Make index_packet fixed size. (16k). Write as many entries as possible.
index_packet must have additional (fixed size) pointers to previous/forward
index_packet. sequence_start packet may point directly to the 1'st index.

> > Solution 2.
> > Write forward/backward pointers so they point to the next packet that
> > have such pointers. This will require to buffer of all frames (type 0/1)
> wrong, type 1 have a packet header and a backward pointer, only type 0
must be
> buffered, and again, u complain but u dont suggest an alternative, its easy
> to say buffering sucks, but if u dont ever buffer anything u cannot
store any
> forward pointers, so u would always have to search for the next startcode,
> but thats just what u didnt like above
I have never said that something sux. I may don't like something and usually
there is a reason for this, including misunderstanding.

> > and write them at once. We cannot seek back to write the size, as size
> > may change from one byte to two, or from 2 to 3. If we stuffing, we will
> > spend more bytes for something useless when we make hell-a-lot-of
> > tricks to save few bytes per packet.
> hmm, its extreemly simple, there is a limit of 16k byte max between type1/2
> frames, so u never need to buffer more then 16k, if the next frame is
bigger
> its written as type 1or2 and the buffer is flushed, a realtime muxer which
> need very low delay could choose to not write type 0 packets at all, the
> length of the forward pointer is also guranteed to fit in 2 bytes unless
the
> packet itself is larger then 16k
I complain against this stuffing.

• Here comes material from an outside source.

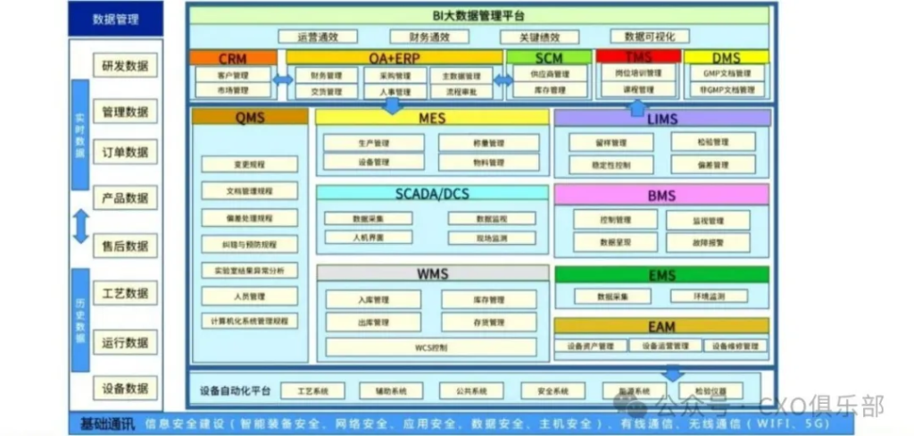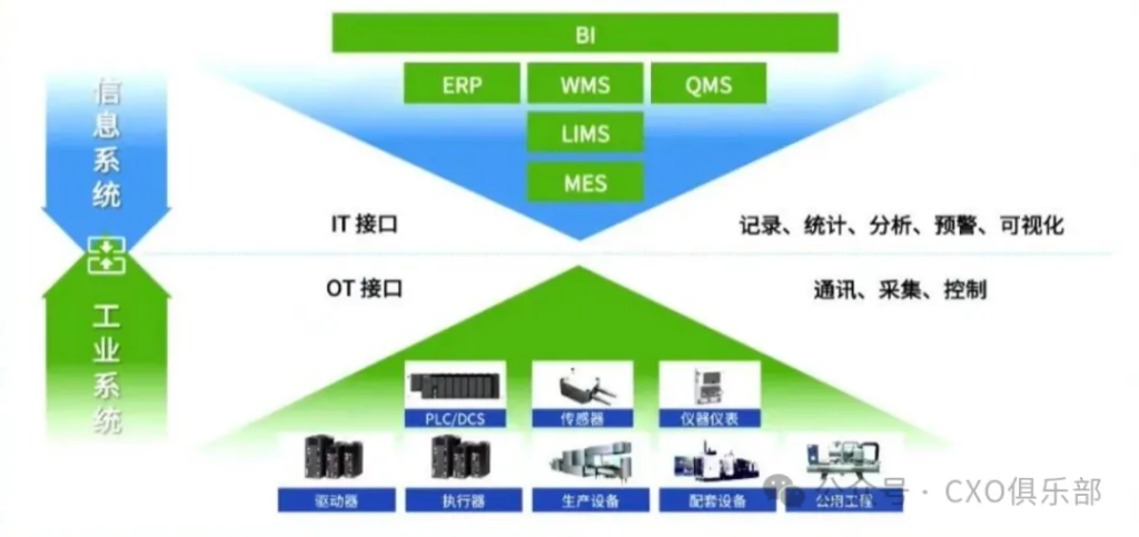 再这就是一些中间层面的,比方说质量管理系统,还有一些底层的一些技术通讯,一般记录通讯的话,基本上肯定现在很多工厂都是多工厂多地域的一个连接,就是它的一些信息传输是如何做到信息安全的,包括他的一些VPN的建设,最近这几年又有很火的一个技术,包括我们公司也正在使用到一些就是把各个厂区的工厂进行一个连接,还有一些比方说分布在广州上海的这一些销售公司,他们的一个通讯,然后这一块用了一些数据管理,数据管理把以前的历史数据和现在的实时数据进行然后进行一个融合和使用,然后再有在利用一些新的技术,比方说大数据、云计算,还有这些物联网,还有一些arvr的话现在这一块就是说在医药行业这个是刚开始使用用于一些远程的为指导的维修培训等等,特别是有一些可视化的培训,而这一块是两化融合的一个概念,it和ot主要是介绍的it和ot。It的话一些比方说BI这些系统,ERP这些智能端的一些系统,它的记录统计分析,包括它的一些预警的可视化平台,ot接口的话主要是做一些通讯采集和控制,主要是用于车间一些就说顶层的物联网的设备,最后通过一个系统把it和ot进行一个连接,做一些数据的采集。

I don't have anything against buffers.
>From the answer of nut question from other thread I understand that #2
is the method you are using (well only for frame_type0).
I have missed these limits. But I think that we may use them for good.
E.g. we may limit the size of headers and use this buffer for storing them.

> > Solution 4.
> > GOP. All frame headers at one place. Kinda of #2.
> > Even better, it could be some kind of destributed index.
> > small indexes all over connected with forward/backward pointers.
> > Hmm sound familiar, maybe I have seen it before?
I think that this is the right solution:
Headers of frame_type0 frames should be packet together with the last
packed_header-ed packet. This way they would be protected by the crc
of the same packet. Anyway if the packet is broken usually demux of
next frame_type0 it won't be possible.

And yes, there MUST have crc. We may not calculate crc for the whole
packet, but only for the header(s). This may allow smaller crc (1, 2 bytes).

> > Sorry, but I don't like nut. It tries to be smaller at all cost. And it
> > pays too much. It trade simplicity. It trade stability. And then try to
> > compensate with huge startcodes.
> well, IMHO u shouldnt say such things before u understand the format at all
> simplicity is something subjective so its difficult to argue about,
stability
> is easier, i suggest u damage a nut file and try to play it and seek in it,
> compare it against other formats, and then judge its stability, i attached
> the program i used for such tests
If I haven't understood specification from the 1'st look,
then they are not simple.

Best Regards
   Ivan Kalvachev
  iive

 p.s.
Don't try to contaminate me with GPL code!;) I want to implement it in
BSD license and sell it to Microsoft, Real, Apple and few others;)

Seriously I suggest to make nut implementation in dual license.
One of course is GPL, the other should be something like Java license -
 you can watch the code, you can compile code, you can link the code,
 you can run the code, you can distribute the code,
 but you can not modify it.

Also it may be fun to patent nut once it is finished. This will give us
full control of suspending clones under different licenses.
The only problem is money. (GPL will be ok, if we give free permission
for all GPL-ers )

I would recommend it to matroska team also to patent their format. Microsoft
already patented some XML & binary stuff, maybe you have an prior-art?